A cone and a cylinder have equal heights. The ratio of the radii of their bases (cone : cylinder) is 2 : 1. What is the ratio of the volume of the cone to the volume of the cylinder?

Introduction / Context:
This problem tests your understanding of the volumes of a right circular cone and a right circular cylinder when their heights are equal. Both solids are fundamental three dimensional shapes in mensuration. Many aptitude questions compare their volumes when certain dimensions are related through simple ratios. Knowing the volume formulas and being able to substitute ratios instead of actual numbers allows you to solve such problems quickly and without complex calculations.

Given Data / Assumptions:
• There is a right circular cone and a right circular cylinder.
• The heights of the cone and the cylinder are equal; let this common height be h units.
• The ratio of their radii (cone : cylinder) is 2 : 1. Let the radius of the cone be 2r and the radius of the cylinder be r.
• We are asked to find the ratio of the volume of the cone to the volume of the cylinder.

Concept / Approach:
Recall the standard volume formulas:
• Volume of a cylinder: V_cylinder = π * r^2 * h.
• Volume of a cone: V_cone = (1 / 3) * π * R^2 * h, where R is the radius of the cone and h is the height. Since both solids have the same height and radii in ratio 2 : 1, we can express the radii using a common variable r and then compute the ratio of volumes symbolically. This approach keeps the calculations simple and independent of specific numerical heights or radii.

Step-by-Step Solution:
Step 1: Let the radius of the cylinder be r and its height be h. Step 2: Given that the radii are in the ratio 2 : 1 (cone : cylinder), the radius of the cone is 2r. Step 3: Write the volume of the cone: V_cone = (1 / 3) * π * (2r)^2 * h = (1 / 3) * π * 4r^2 * h = (4 / 3) * π * r^2 * h. Step 4: Write the volume of the cylinder: V_cylinder = π * r^2 * h. Step 5: Form the ratio V_cone : V_cylinder = (4 / 3) * π * r^2 * h : π * r^2 * h. Step 6: Cancel the common factors π, r^2 and h to get V_cone : V_cylinder = 4 / 3 : 1 = 4 : 3.

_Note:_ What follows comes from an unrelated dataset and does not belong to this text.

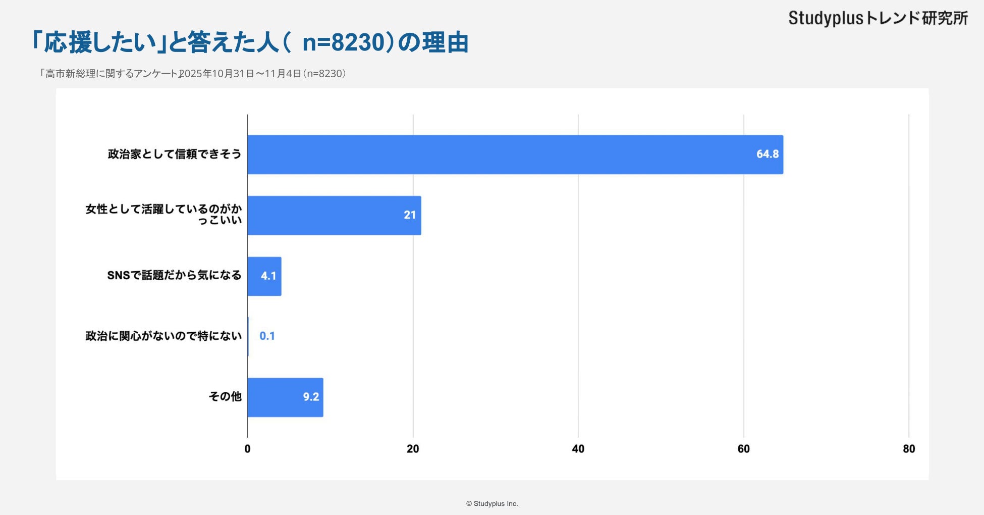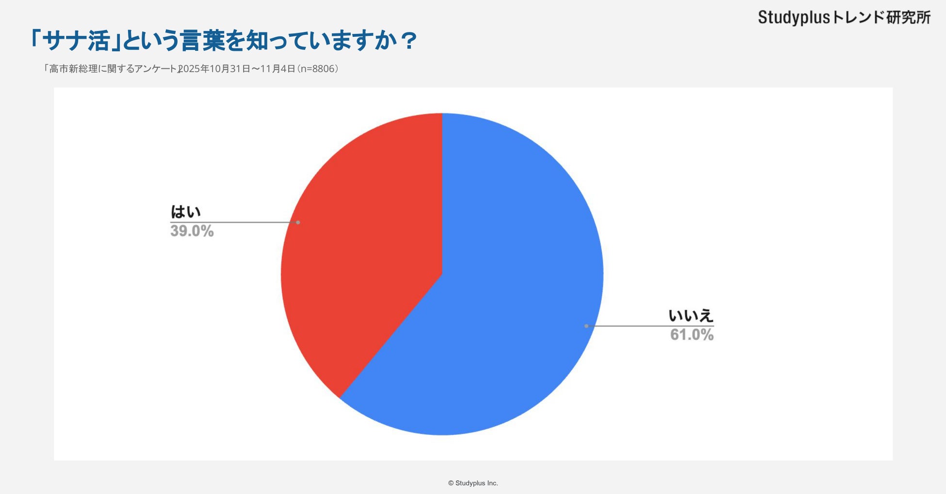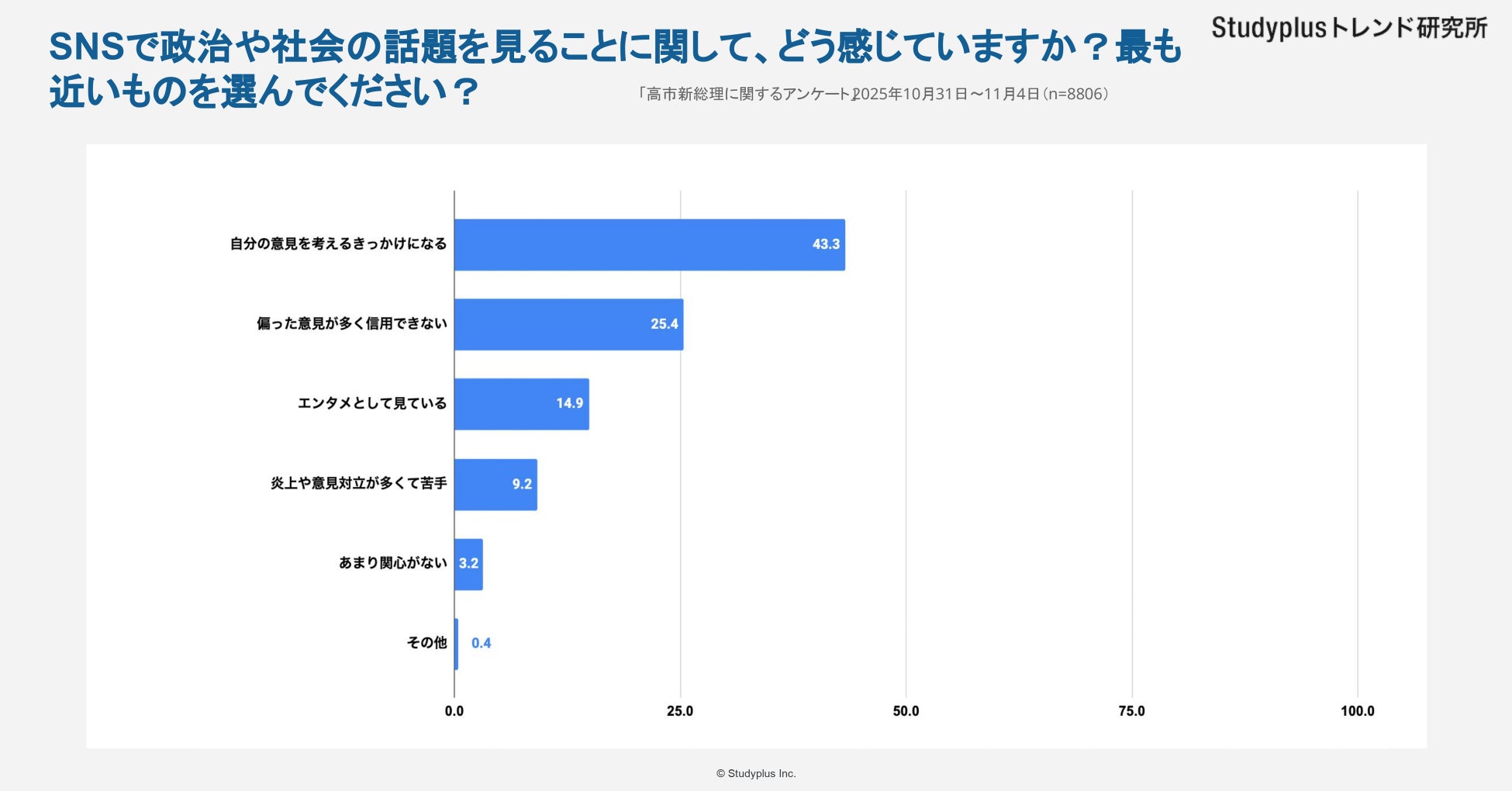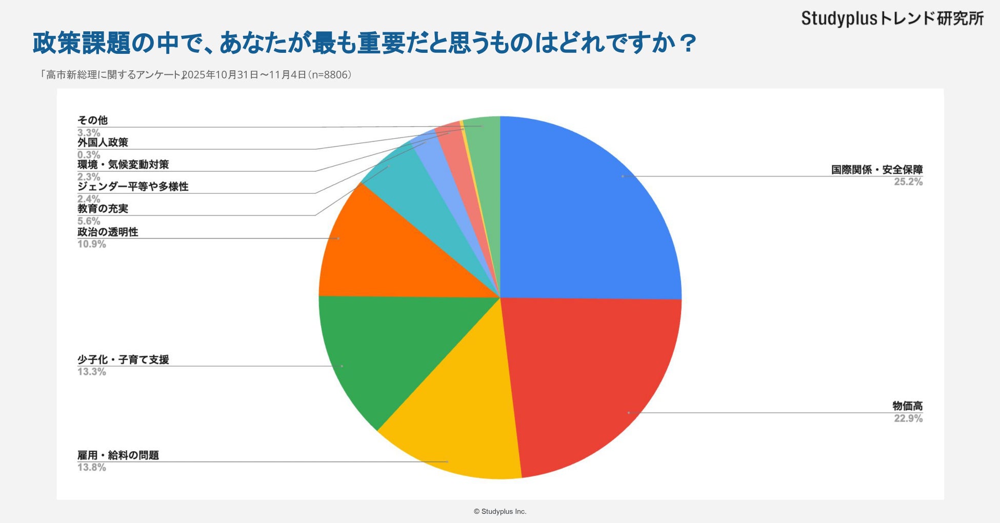 スタディプラス株式会社(本社:東京都千代田区、代表取締役:廣瀬高志、以下スタディプラス)のStudyplusトレンド研究所は、2025年10月31日(金)から11月4日(火)にかけて学習管理アプリ「Studyplus」上で全国の高校生と大学生を対象に「高市新総理に関するアンケート」を実施、8,806

Verification / Alternative check:
You can choose simple numerical values to verify. For example, let r = 1 unit and h = 3 units. Then the cylinder's volume is π * 1^2 * 3 = 3π. The cone's radius is 2 units, so its volume is (1 / 3) * π * 2^2 * 3 = (1 / 3) * π * 4 * 3 = 4π. The ratio V_cone : V_cylinder is 4π : 3π, which simplifies to 4 : 3, matching our algebraic result. This confirms that the ratio does not depend on the specific numerical values of r and h as long as the given conditions are met.

Why Other Options Are Wrong:
A ratio of 3 : 4 would imply that the cone has smaller volume than the cylinder, which is not true when the cone's radius is larger and only the height is scaled in the same way. Ratios of 2 : 1 or 1 : 2 ignore the factor 1 / 3 present in the cone volume formula and the squaring of the radius, leading to incorrect comparisons. Only 4 : 3 correctly accounts for both the squared radius ratio and the 1 / 3 factor in the cone volume formula.

Common Pitfalls:
A common mistake is to forget the 1 / 3 factor in the cone volume formula and to write V_cone = π * R^2 * h instead of (1 / 3) * π * R^2 * h. Another error is to treat the radii linearly without squaring them, which would give a wrong ratio. Always remember that in volume formulas for solids of revolution, the radius usually appears squared (as in π * r^2), so ratio comparisons must square the scale factor for radii. Checking the formula carefully before substituting ratios helps avoid these errors.

Final Answer:
The ratio of the volume of the cone to the volume of the cylinder is 4:3.